### Exercise:
Omitting any pictures, transcribe the entries below exactly.

== Segment start ==

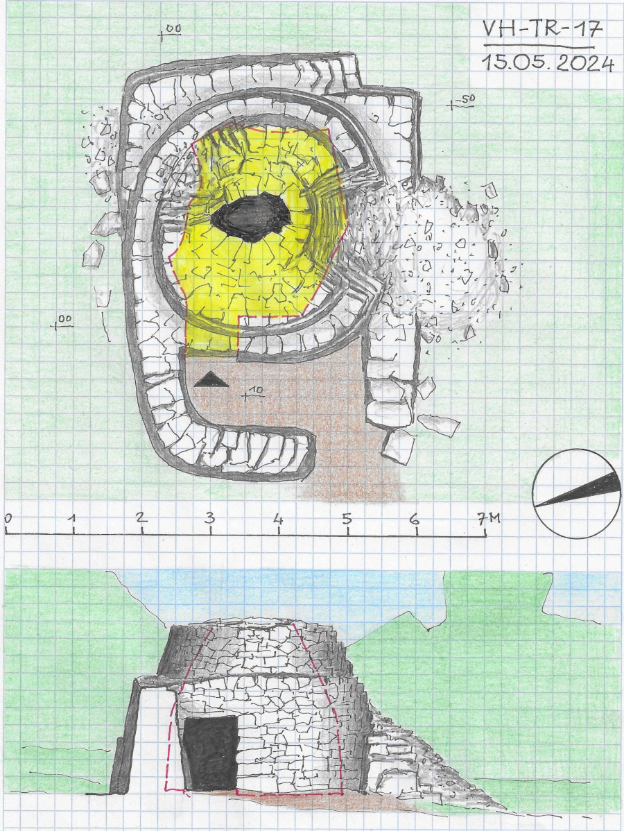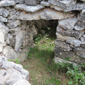 Eingang und Vorderseite werden durch eine Steinmauer geschützt. Der Eingang war verwachsen. Die linke Seite des unregelmäßigen Innenraums wird von Naturfels bestimmt. Der Trim wird nicht mehr genutzt.
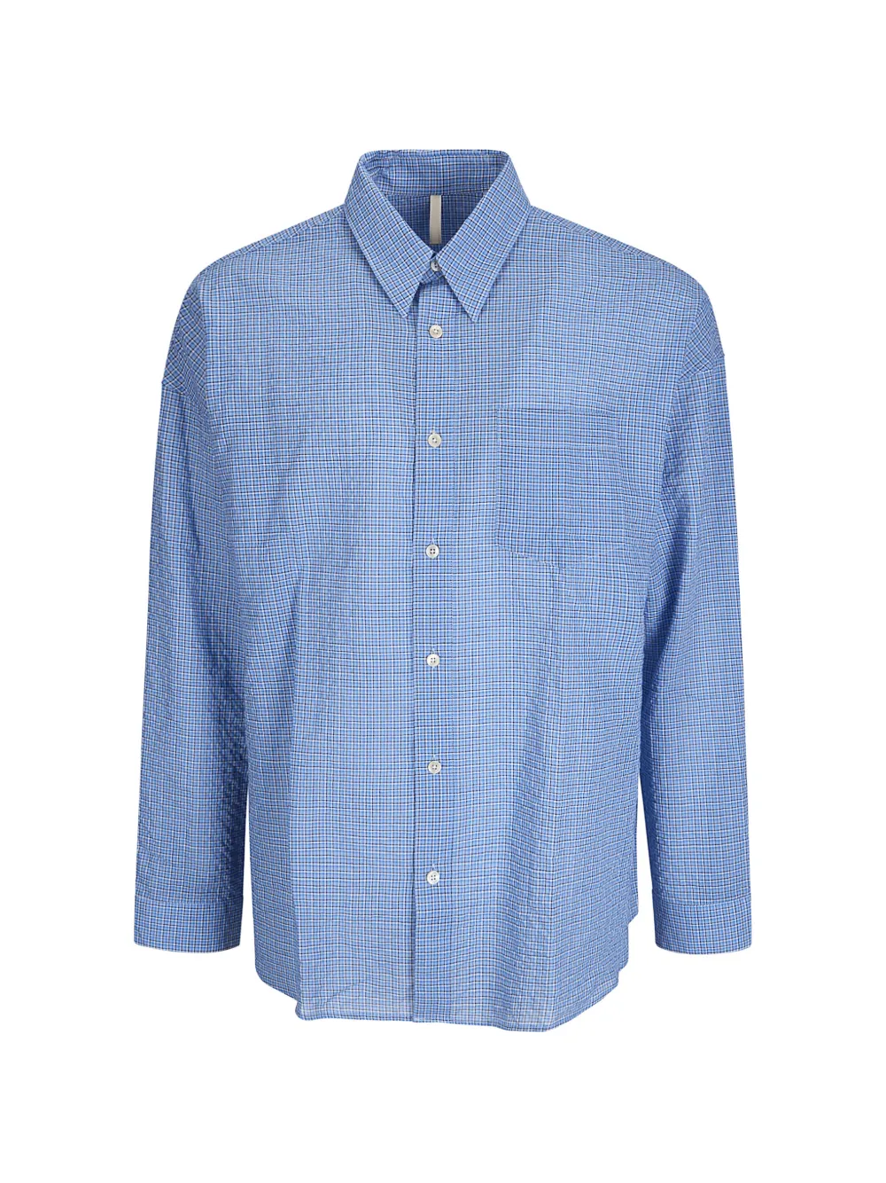 blue check pattern chest pocket button fastening long sleeves cotton
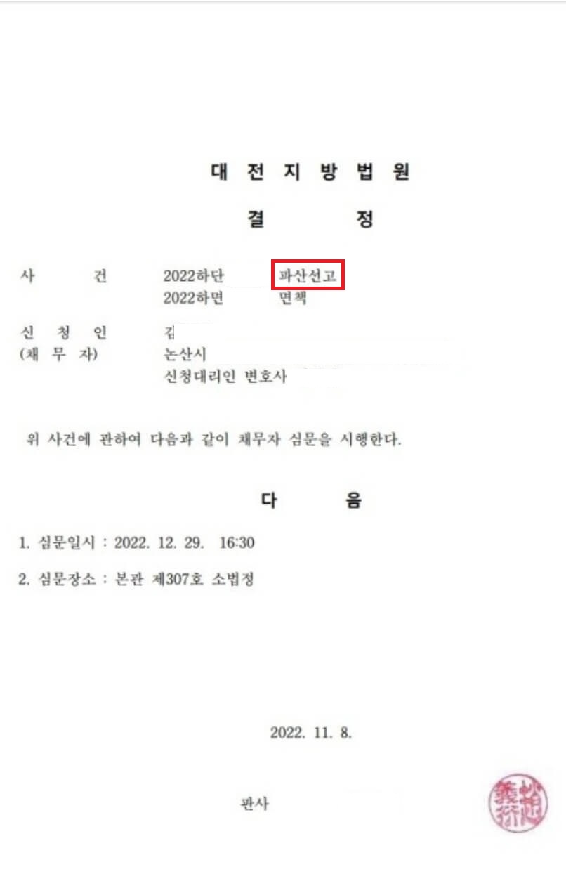 *법원의 파산선고문 [견본] ![]() |
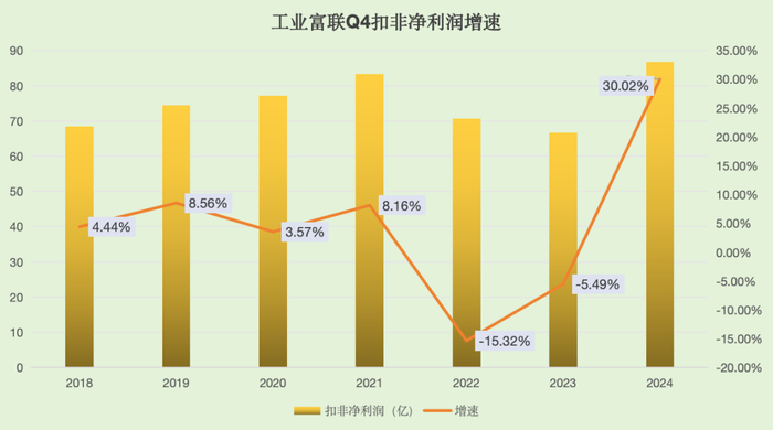 工业富联作为英伟达服务器的核心制造商,也算是在人工智能领域攫到了新的增长曲线。按照最新公布的年报来看,收入增长28%至6091.35亿,这也是首次突破6000亿,扣非净利润234亿,同比增长16%,最为重要的是Q4的扣非净利润同比增长30%,是近7年以来增速最高的四季度。
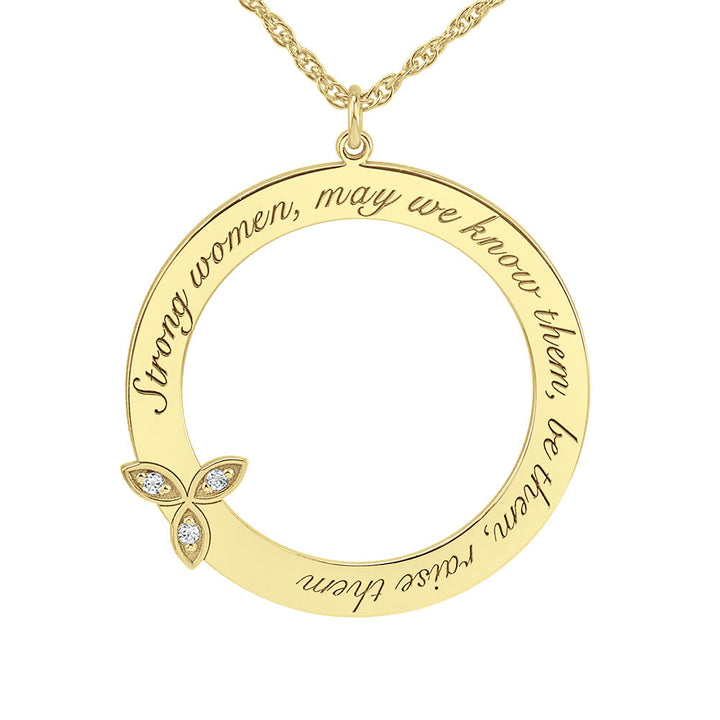 Made in 10K yellow gold with a diamond accent on engraved circle pendant. Adjustable chain length 16'–18' with secure clasp.
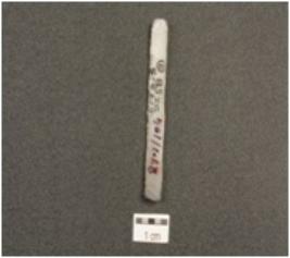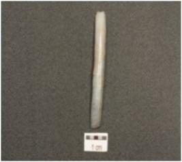 | Description / विवरण | A blade made on chalcedony end struck flake, bulb of percussion on ventral side, flake scars on dorsal side and partly retouch cutting edges. |
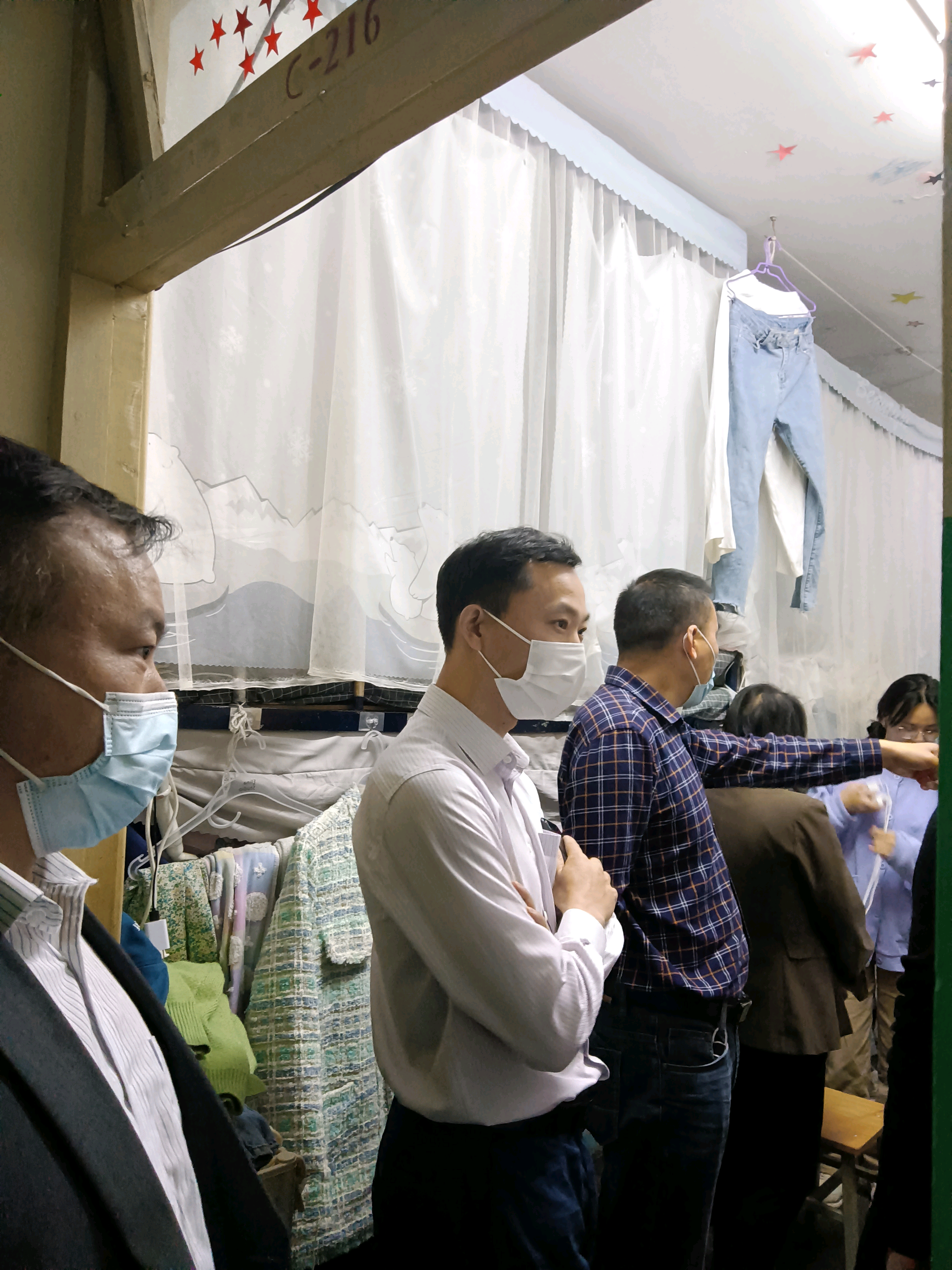 领导老师进入寝室后,向宿管阿姨询问了解同学们在日常生活中遇到的问题并给予了生活建议,同时对寝室卫生进行检查。在查寝中,老师们逐一进入每间宿舍,深入细致地检查每间宿舍的卫生等情况,并与学生们进行亲切交谈,详细了解每位学生的思想动态及生活状况。系领导鼓励学生一定要加强宿舍公共卫生和个人卫生,要勤洗手,多通风,出门戴口罩,现下仍处于疫情期间,集体生活一定要做好卫生防疫工作。也可利用休息时间学习知识,劳逸结合。老师们亲切地问候,浓浓的关切之意,受到了同学们的欢迎。整个过程进行得十分顺利,各寝室同学都积极配合。检查之后,周书记叮咛同学们一定要注意寝室安全,安全用电,禁止晚归,同时要注意保持寝室的整洁。
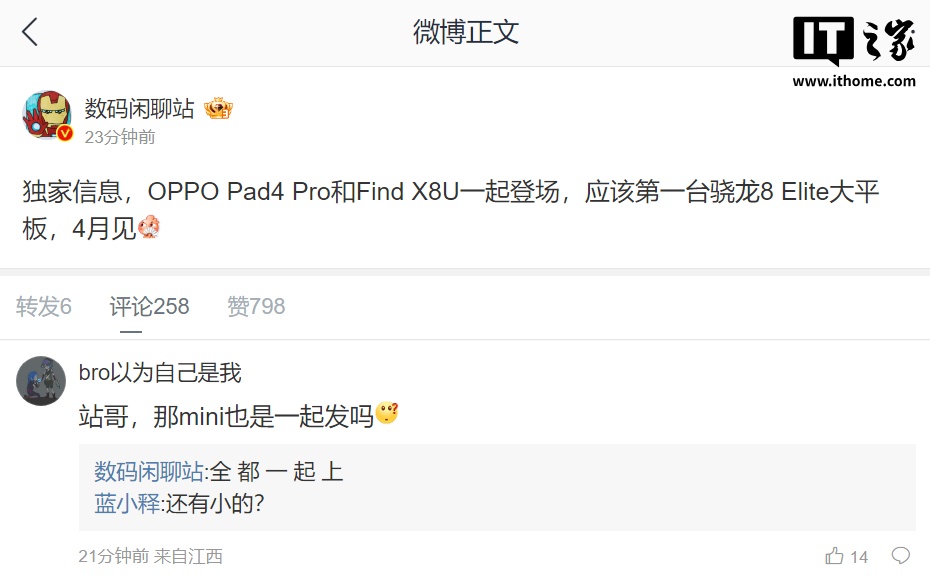 爆料还提到,mini 新品也将一同在 4 月推出,预计是指 OPPO Find X8 mini。

== Segment end ==

### Solution to this problem:
 Eingang und Vorderseite werden durch eine Steinmauer geschützt. Der Eingang war verwachsen. Die linke Seite des unregelmäßigen Innenraums wird von Naturfels bestimmt. Der Trim wird nicht mehr genutzt.
 blue check pattern chest pocket button fastening long sleeves cotton
 *법원의 파산선고문 [견본] ![]() |
 工业富联作为英伟达服务器的核心制造商,也算是在人工智能领域攫到了新的增长曲线。按照最新公布的年报来看,收入增长28%至6091.35亿,这也是首次突破6000亿,扣非净利润234亿,同比增长16%,最为重要的是Q4的扣非净利润同比增长30%,是近7年以来增速最高的四季度。
 Made in 10K yellow gold with a diamond accent on engraved circle pendant. Adjustable chain length 16'–18' with secure clasp.
 | Description / विवरण | A blade made on chalcedony end struck flake, bulb of percussion on ventral side, flake scars on dorsal side and partly retouch cutting edges. |
 领导老师进入寝室后,向宿管阿姨询问了解同学们在日常生活中遇到的问题并给予了生活建议,同时对寝室卫生进行检查。在查寝中,老师们逐一进入每间宿舍,深入细致地检查每间宿舍的卫生等情况,并与学生们进行亲切交谈,详细了解每位学生的思想动态及生活状况。系领导鼓励学生一定要加强宿舍公共卫生和个人卫生,要勤洗手,多通风,出门戴口罩,现下仍处于疫情期间,集体生活一定要做好卫生防疫工作。也可利用休息时间学习知识,劳逸结合。老师们亲切地问候,浓浓的关切之意,受到了同学们的欢迎。整个过程进行得十分顺利,各寝室同学都积极配合。检查之后,周书记叮咛同学们一定要注意寝室安全,安全用电,禁止晚归,同时要注意保持寝室的整洁。
 爆料还提到,mini 新品也将一同在 4 月推出,预计是指 OPPO Find X8 mini。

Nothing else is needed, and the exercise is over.